To do –
What are the lines from the one with "Vined Floral Seaside" through the end of the records below, written out exactly and without the pictures?

(Collection entries)
=-=-=
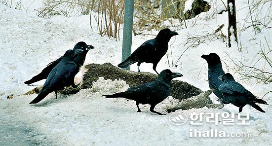 ▲차에 치여 죽은 노루가 까마귀 떼에 둘러싸여 있는 모습.
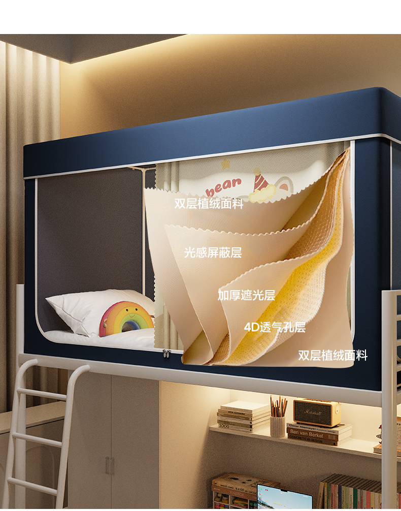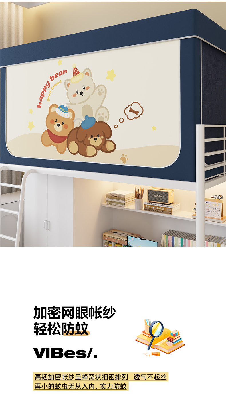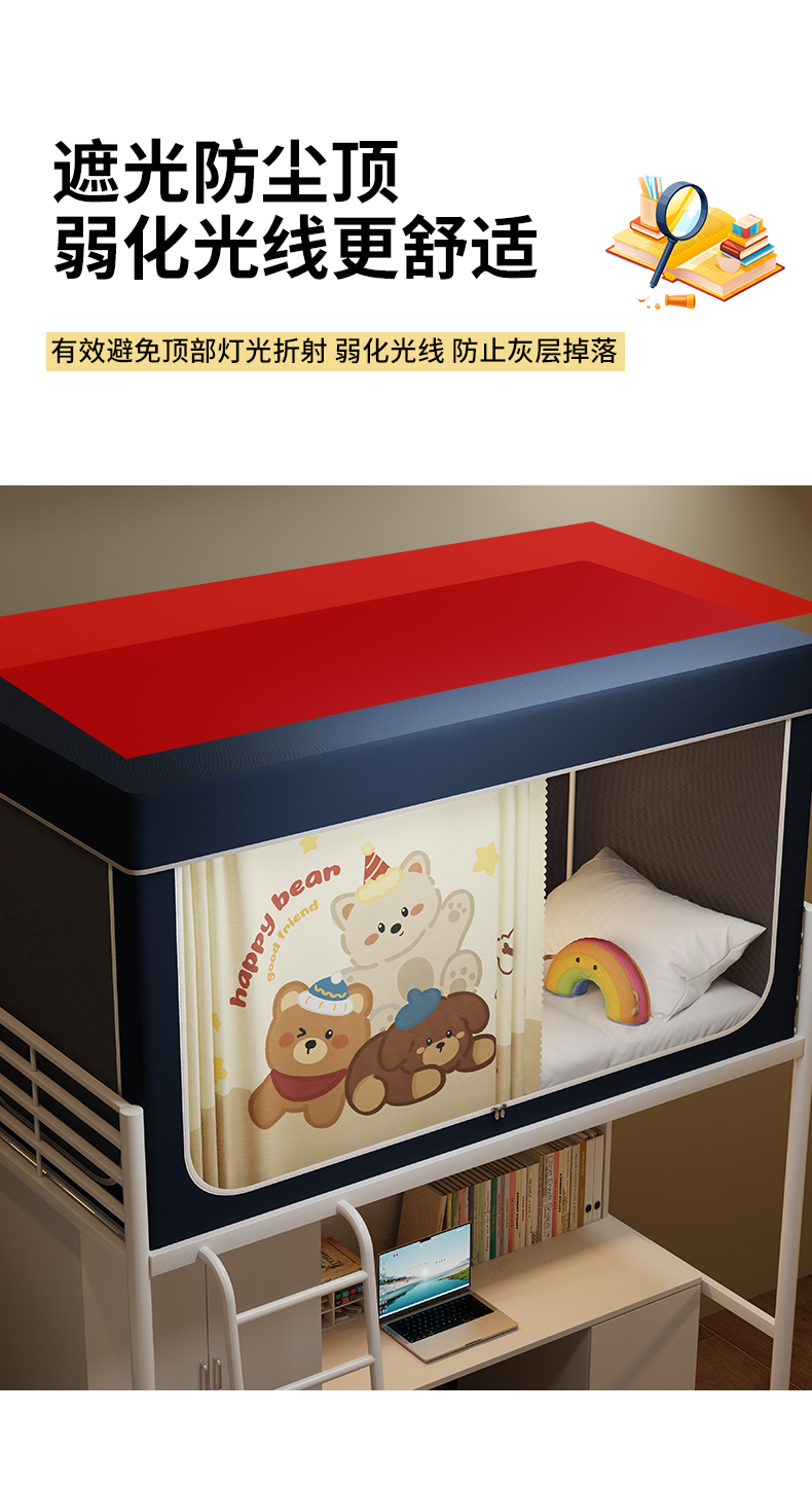 当前位置: 91家纺网 > 商品网购 > 床上用品 > 蚊帐 > 学生蚊帐 > 伊而梦蚊帐2025新款升级非涂层静电植绒环保加厚加密透气五面强遮光100%物理遮光大空间0.9/1.2m学生蚊帐 快乐小熊-深蓝
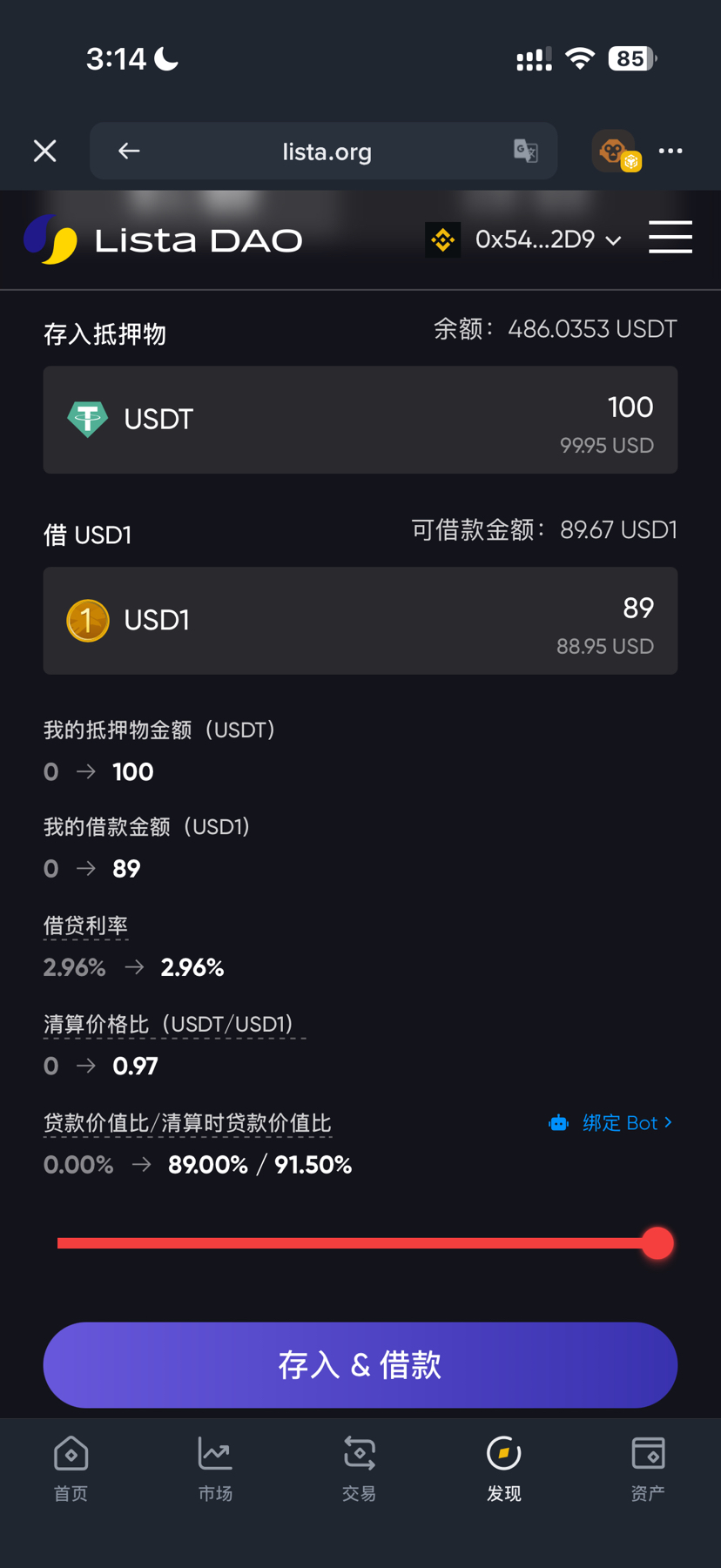 4. Vorgehen: Hinterlege Sicherheiten (z.B. 100 USDT), kannst ≈89 USD1 leihen (LTV 89-91.5%). Zinssatz fixiert bei 2.96%, mit einem Klick „einzahlen & leihen“. Halte den Health Factor >150% zur Vermeidung von Liquidation.
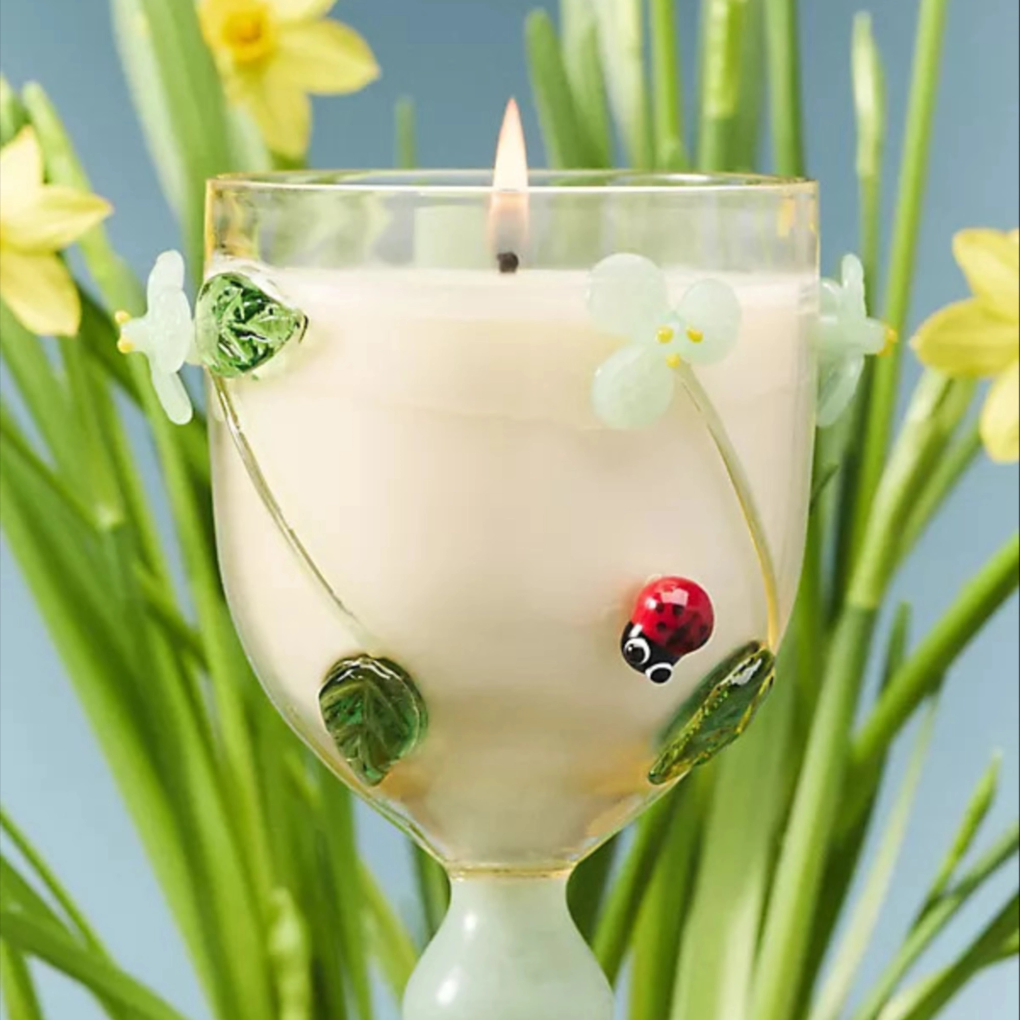 Vined Floral Seaside Flowers & Sandalwood Glass Candle
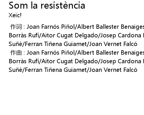 [00:00.000] zuò qǔ : Joan Farnó s Pi ol Albert Ballester Benaiges Romá n Borrà s Rufí Aitor Cugat Delgado Josep Cardona Pallares Jordà n Rius Sué Ferran Ti ena Guiamet Joan Vernet Falcó
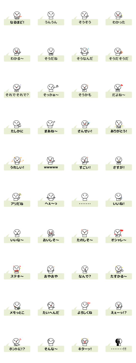 | スタンプ説明 | シンプルな吹き出し形式のスタンプです。あいづちやテキトーな返信に最適です。 |
=-=-=
Answer area –
 Vined Floral Seaside Flowers & Sandalwood Glass Candle
 [00:00.000] zuò qǔ : Joan Farnó s Pi ol Albert Ballester Benaiges Romá n Borrà s Rufí Aitor Cugat Delgado Josep Cardona Pallares Jordà n Rius Sué Ferran Ti ena Guiamet Joan Vernet Falcó
 | スタンプ説明 | シンプルな吹き出し形式のスタンプです。あいづちやテキトーな返信に最適です。 |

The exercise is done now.